Posted Saturday, 30 July 2011
Aristotle enshrines happiness as a central purpose of human life and a goal in itself. Examining this closely leads us to a deeper question: are humans simply pleasure-seeking automaton or something more? We have to question the nature of happiness, how invariant it is, and what it means to us.
Instincts are the result of years of genetic evolution. They've programmed us to feel happy when we do something that's genetically desirable. Natural selection has ensured that the traits that made our ancestors survive has been passed onto us, and the animal in us is programmed with all these survival instincts. I like to think of humans as animals with high computational power at their disposal. That computational power too, has developed over generations of evolution: at the time, the bottleneck in species survival had less to do with physical characteristics, and more to do with the ability to think through a survival problem and design a solution.

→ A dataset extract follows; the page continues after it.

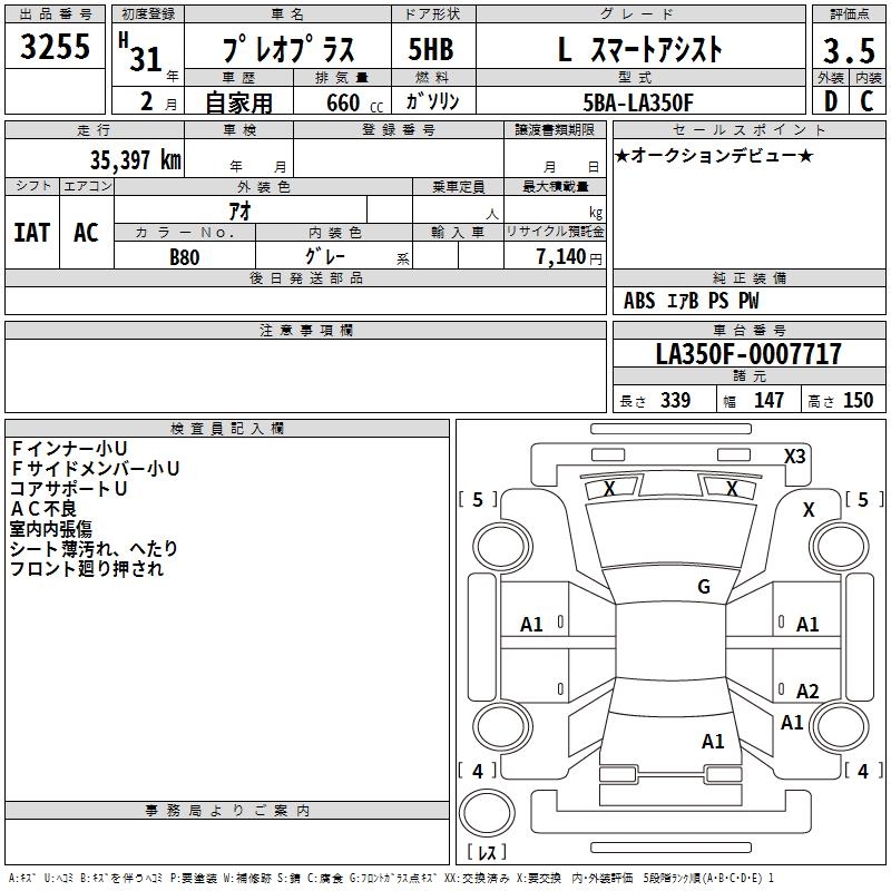 SUBARU PLEO PLUS L SMART ASSIST - лот 3255

There is nothing divine about our instincts. Many of those instincts are not desirable in modern society. For instance, the desire for high-calorie items has come out of years of food insecurity. Today, excessive and reckless eating leads to obesity. The raw aggression shown by males in a species when they're searching for suitable mates is something modern society looks down upon. Irrational prejudice is yet another example: when being chased by a predator, instead of objectively evaluating the strength and agility of the opponent, the prey simply runs as fast as it can. It's a shortcut that helps in day-to-day life by caching and short-circuiting frequent computations. Unfortunately, after a while, many people forget that it was a shortcut in the first place and fail to look beyond it.
Does that mean that we should override every possible instinct and emotion using our higher rationality? That sort of extremism leads to a different kind of problem: humans will turn into computers the inability to produce creative work. Apart from this, it creates a huge amount of internal conflict: the instinct says one thing, and rationality says the exact opposite thing. Instead of fighting instinct with rationality, we must train so as to align both of them.
Happiness is meaningless. It is neither divine nor invariant- people can program themselves to feel happy when they do something right using simple incentive mechanisms. It's as mechanical as training a dog. Modern society constantly tries to design incentives to get its members to behave in a certain way. For instance, by giving away prestigeous awards to people who do ground-breaking research, it essentially ensures that the people who contribute most to society are generally happy.
Yes, a well-trained human being doing the things that she likes is generally happy. My point is that this is incidental, not fundamental. For this reason, following happiness blindly without designing the correct incentive mechanisms and without the proper mental training can lead to a meaningless animal-like existence.